* **Task directions**
When the line containing "A new look for" is found in the data below, copy it and each line after it through the line containing "Woman with glasses", exactly and with no others.

* **Material for this task**
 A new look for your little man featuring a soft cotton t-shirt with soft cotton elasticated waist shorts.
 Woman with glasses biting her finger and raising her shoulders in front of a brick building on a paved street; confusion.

---

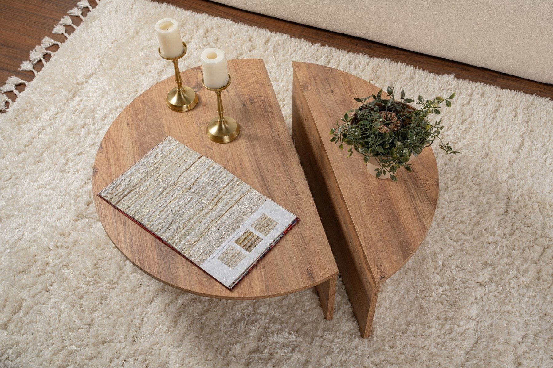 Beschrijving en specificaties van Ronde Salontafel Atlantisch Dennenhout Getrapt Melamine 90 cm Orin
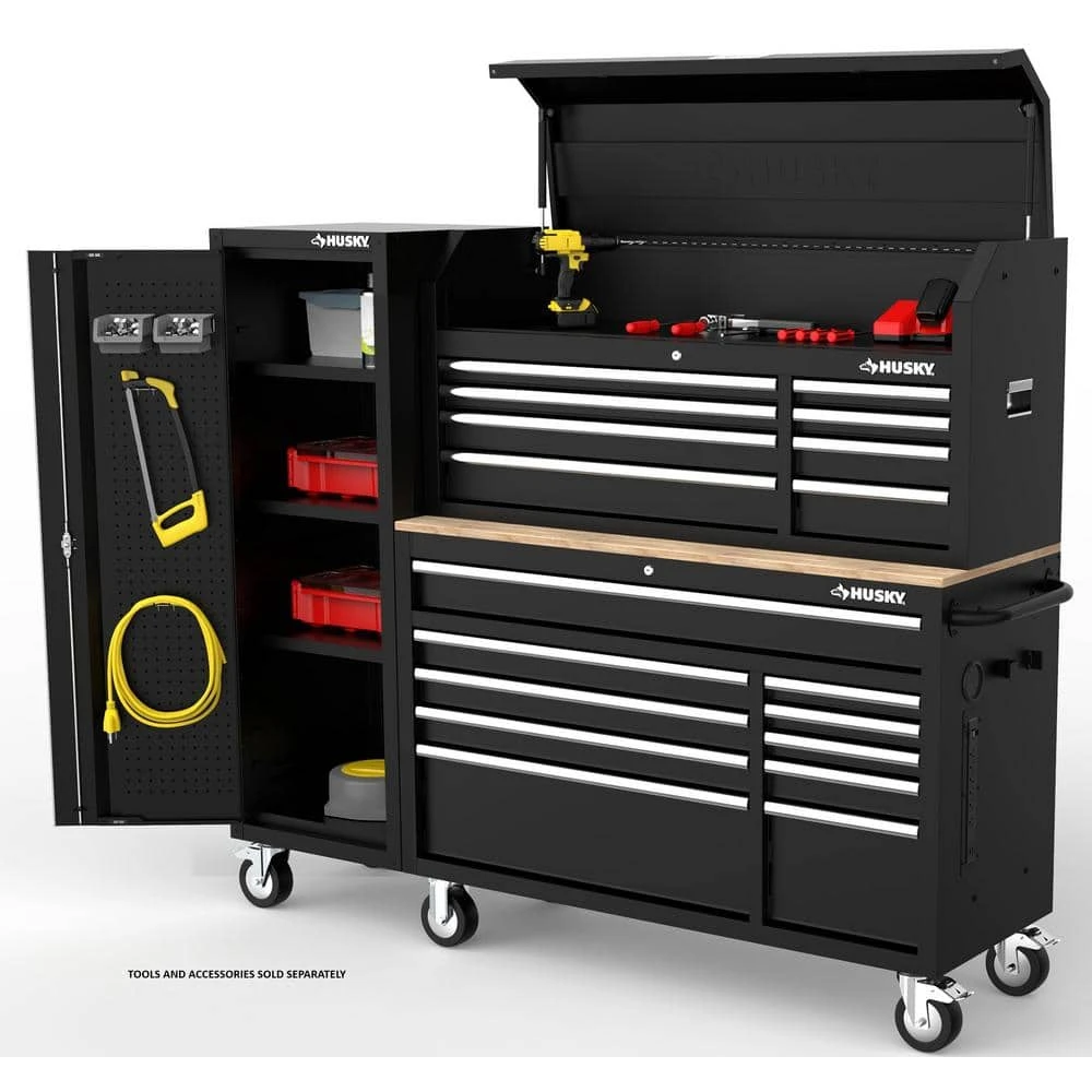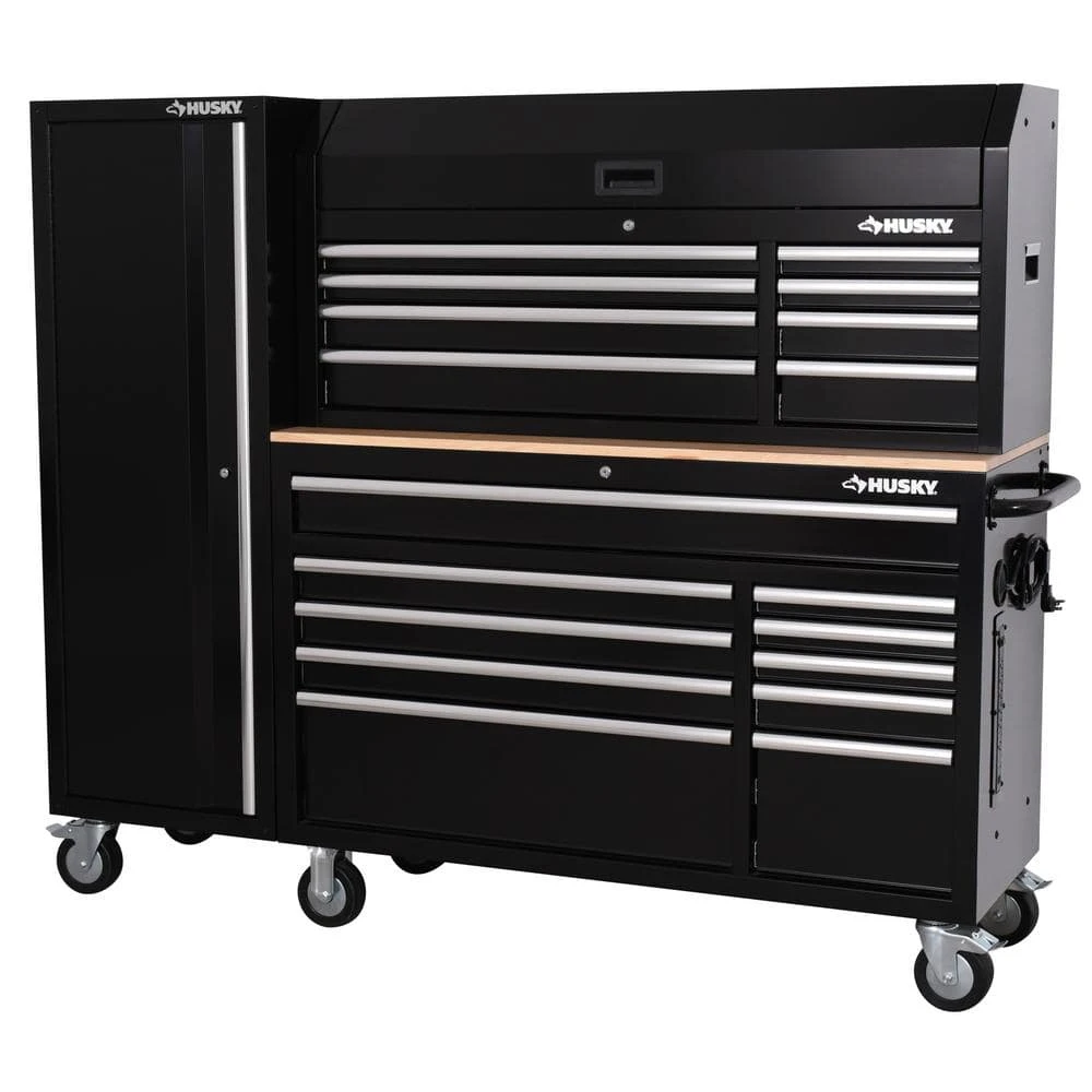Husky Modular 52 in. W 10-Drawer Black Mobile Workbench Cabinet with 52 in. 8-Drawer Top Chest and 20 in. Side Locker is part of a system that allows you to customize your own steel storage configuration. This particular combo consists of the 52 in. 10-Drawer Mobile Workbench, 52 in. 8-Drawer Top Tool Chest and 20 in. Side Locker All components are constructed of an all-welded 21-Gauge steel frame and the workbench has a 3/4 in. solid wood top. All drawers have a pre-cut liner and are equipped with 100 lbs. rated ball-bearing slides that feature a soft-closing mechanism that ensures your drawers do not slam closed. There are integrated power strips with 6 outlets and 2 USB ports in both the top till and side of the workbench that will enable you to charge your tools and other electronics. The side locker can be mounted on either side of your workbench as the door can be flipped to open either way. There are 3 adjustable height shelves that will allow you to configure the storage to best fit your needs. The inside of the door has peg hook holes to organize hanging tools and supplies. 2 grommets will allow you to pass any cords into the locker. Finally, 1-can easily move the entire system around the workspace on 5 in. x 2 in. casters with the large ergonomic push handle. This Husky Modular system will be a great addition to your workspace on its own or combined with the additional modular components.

* **Exercise response**
 A new look for your little man featuring a soft cotton t-shirt with soft cotton elasticated waist shorts.
 Woman with glasses biting her finger and raising her shoulders in front of a brick building on a paved street; confusion.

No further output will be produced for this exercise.